As these feet and bodies crash down around me, I feel myself get caught in their familiar flow. Though our end goals may be similar the rate at which we move sets us apart. As more feet and bodies crash down around me I feel my chest heave, as I gasp for breath. The beat of my steps increase with the beat of my own heart. All I wish for is to stop, thought the tides continue to move forward. To find refuge at any port, but I know this is futile. There is no stopping, there is no rest. Not until we each our end.
Track Name: Hard Boiled Wonderland and the End of the World
Hard Boiled Wonderland and the End of the World
As these events unfold I split my brain, filing all that I see into two separate realities. One is a hard boiled wonderland. A place where there is darkness hiding behind every corner, hidden agendas pulling the strings, causing all of the misery which I run from. The other is morally grey world, where people have no shadows. Where any sense of peace is ignorance, and you can never truly feel fulfilled. No matter how I shuffle my brain I cannot find any sense of peace. No matter where I try to hide all I can find are these same haunting memories illuminated in a new light. I can’t run, I cannot hide from
myself.
Track Name: Dance Dance Dance
Dance Dance Dance

Following the same pattern that I’ve run down before, I repeat these motions which have been burned into my brain, almost a muscle memory. Though everything is the same, something is different. My foot shakes
uncontrollably, the tell tale sign of the subconscious letting me know what I should already know, or what I have been neglecting, ignoring, trying desperately hard to forget. This one moment of weakness where I let everything out everything will change, while the status quo remains the same. Everything moves forward, but nothing ever changes.

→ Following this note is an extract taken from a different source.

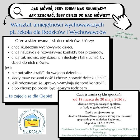 Warsztat umiejętności wychowawczych# pt. Szkoła dla Rodziców i Wychowawców VIII edycja w PPPP Nakło n. Not.

I wake up, but where? As if I didn’t know: I’m here. In my life. A part of this world that is my existence. Not that I particularly recall ever having approved these matters, this condition, this state
of affairs in which I feature. Maybe ill stretch, nice and slow. To be sure that I’m myself and not part of something else. Yet ill remember the feel of the dream. So much that I swear I can reach out and touch it, and the whole of that something that includes me will move. I listen carefully, someone softly, almost imperceptibly, someone is crying for me. Gazing, I consider what it means to belong, to become
part of something. To have someone cry for me. From someplace distant, so very distant. From, ultimately, a dream. No matter how far I reach out, no matter how fast I run, I’ll never make it, no I‘ll never make it. Why would anyone cry for me.
Track Name: The Wind-up Bird Chronicle
The Wind-up Bird Chronicle

When my dreams begin to take hold as the subject of my reality, I wonder how I can live up to the expectations which I have created artificially. As momentary thoughts begin to register in the world I hide from the subject of my dreams and reality begins to bend away from my intentions. And I feel guilt for what I think I have done. In reality I have done nothing and that is the problem. I would rather hide everything inside then go out and face the world. Like a wind-up bird I remain silent as these dreams crash down around me.